**DATA TO PROCESS**
----
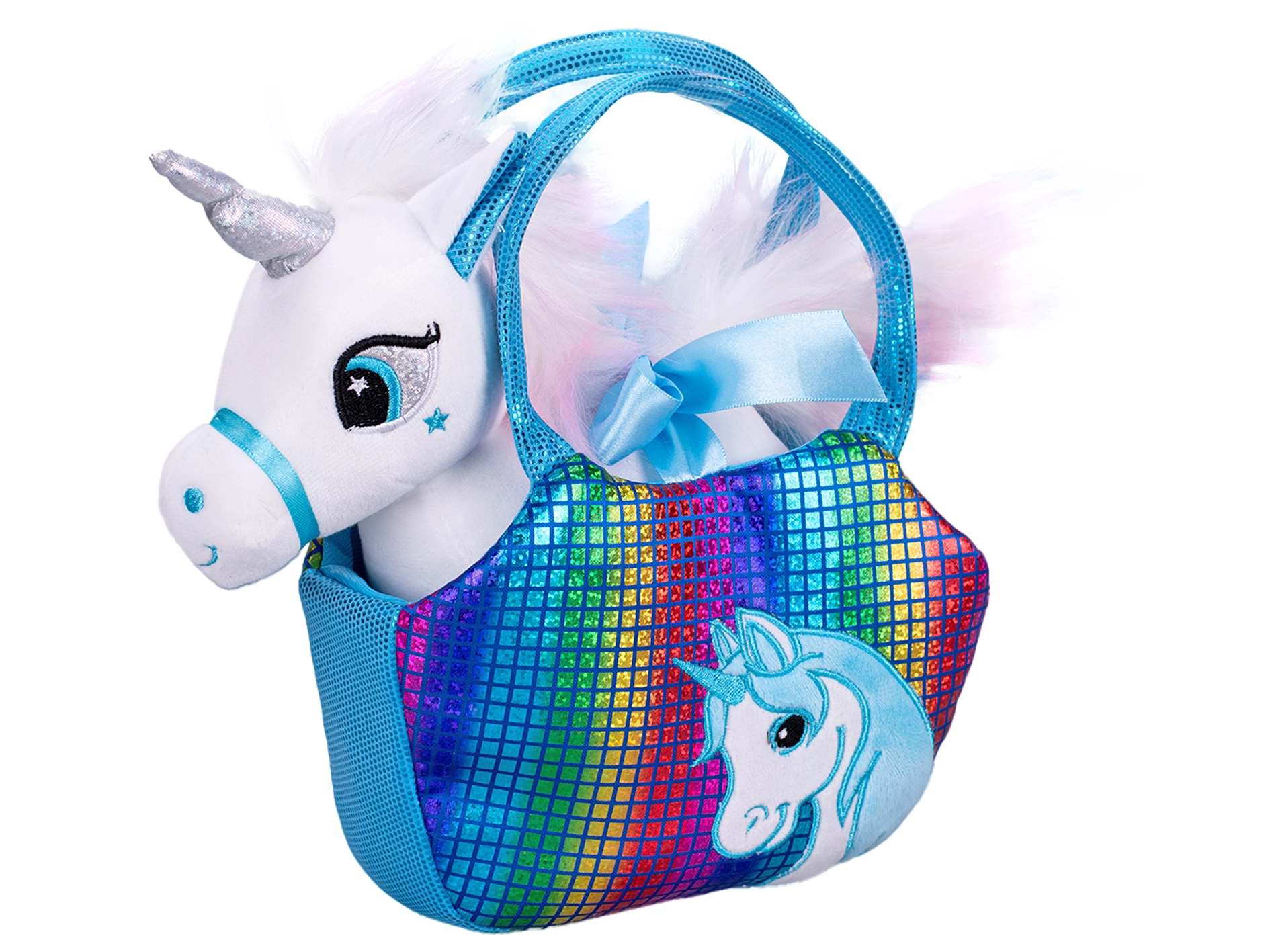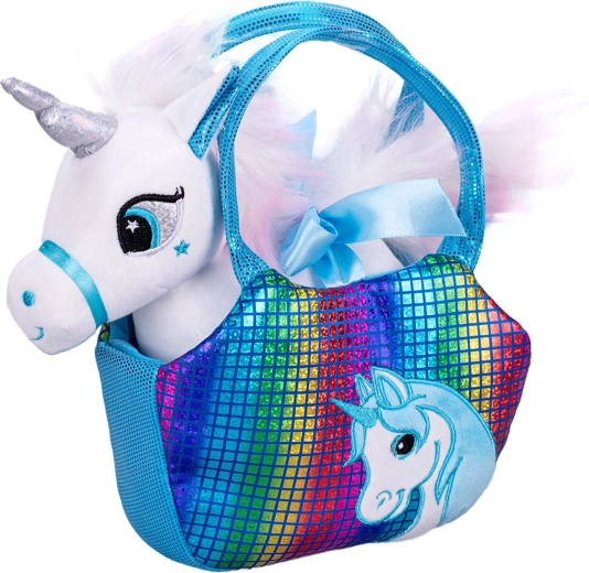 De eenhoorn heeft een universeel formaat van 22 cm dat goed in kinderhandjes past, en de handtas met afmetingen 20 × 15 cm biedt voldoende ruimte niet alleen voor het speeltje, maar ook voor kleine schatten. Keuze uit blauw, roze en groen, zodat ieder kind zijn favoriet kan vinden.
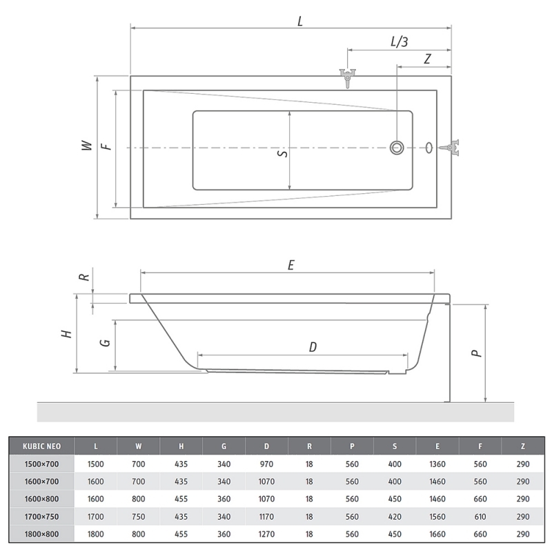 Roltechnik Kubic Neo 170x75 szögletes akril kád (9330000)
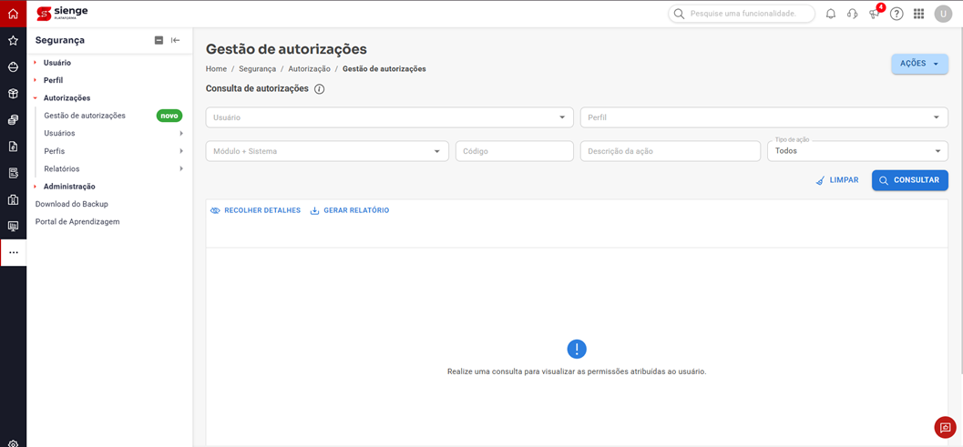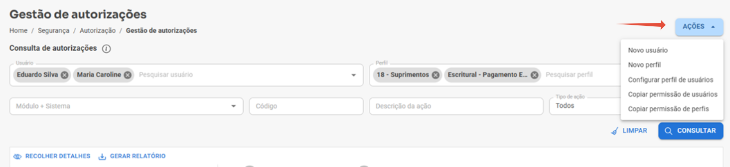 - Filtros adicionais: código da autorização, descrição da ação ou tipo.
----
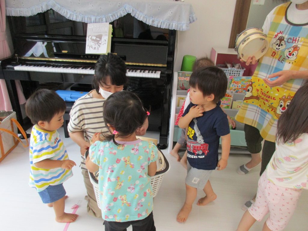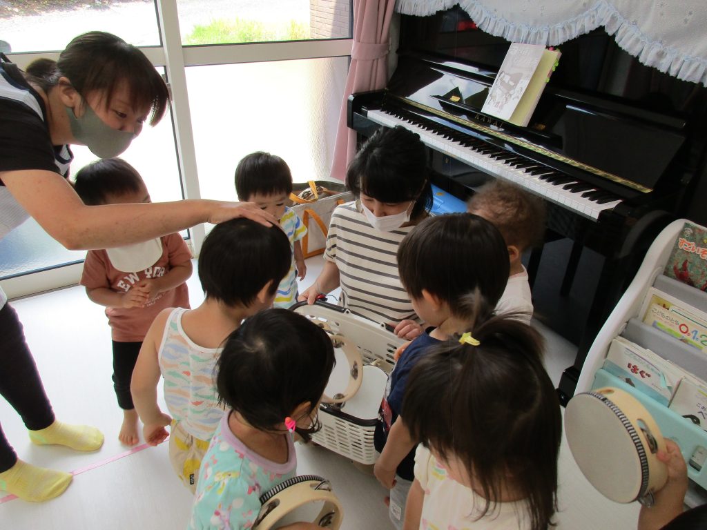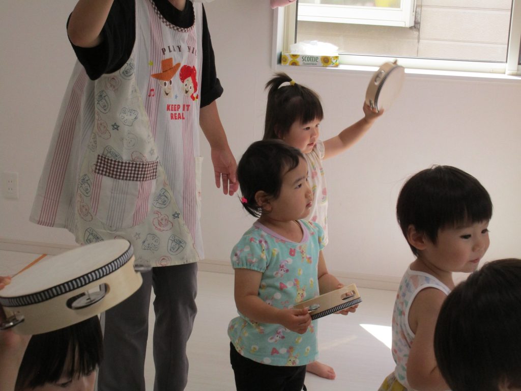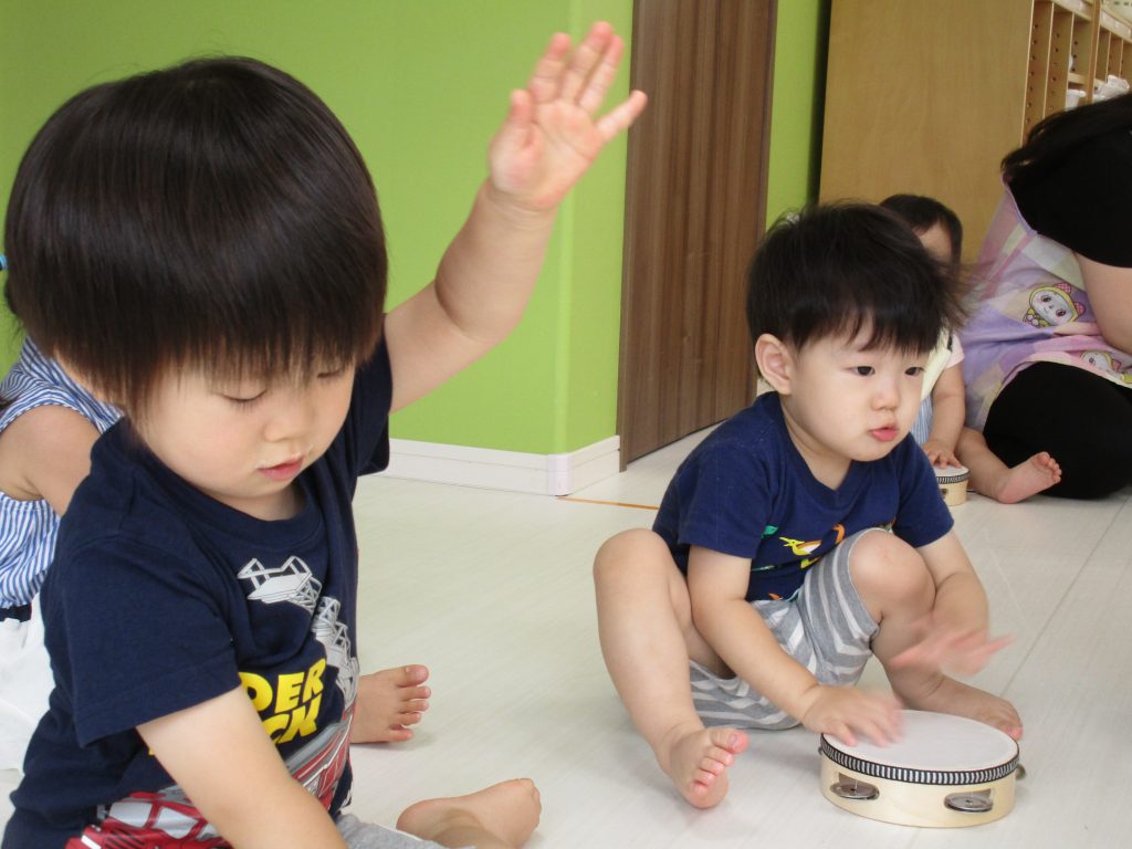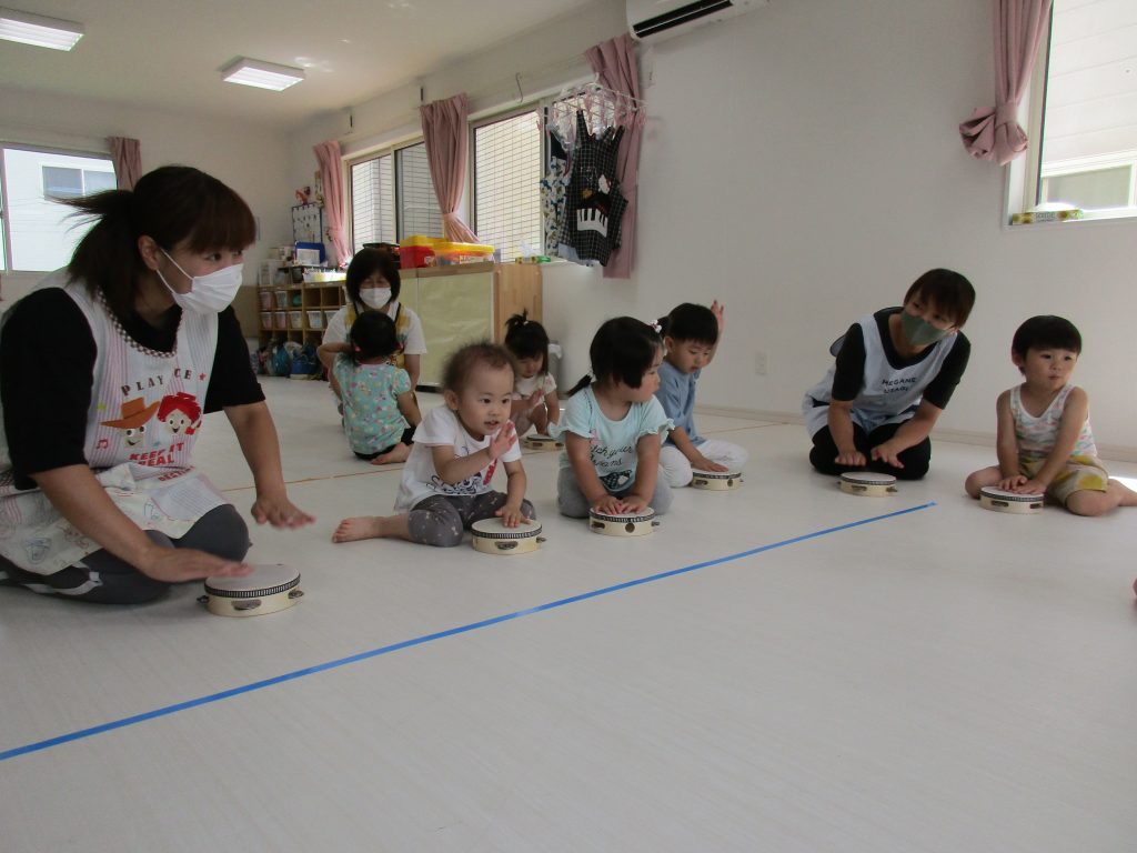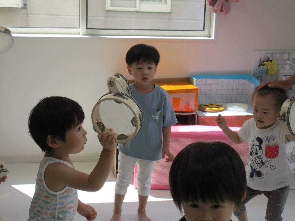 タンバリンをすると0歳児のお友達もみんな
----
**WORK INSTRUCTIONS**
Within the entries above, give again exactly the lines starting at the one that contains "Roltechnik Kubic Neo" and ending at the one that contains "- Filtros adicionais: código", leaving out the pictures.

**RESULT FOR THIS TASK**
 Roltechnik Kubic Neo 170x75 szögletes akril kád (9330000)
 - Filtros adicionais: código da autorização, descrição da ação ou tipo.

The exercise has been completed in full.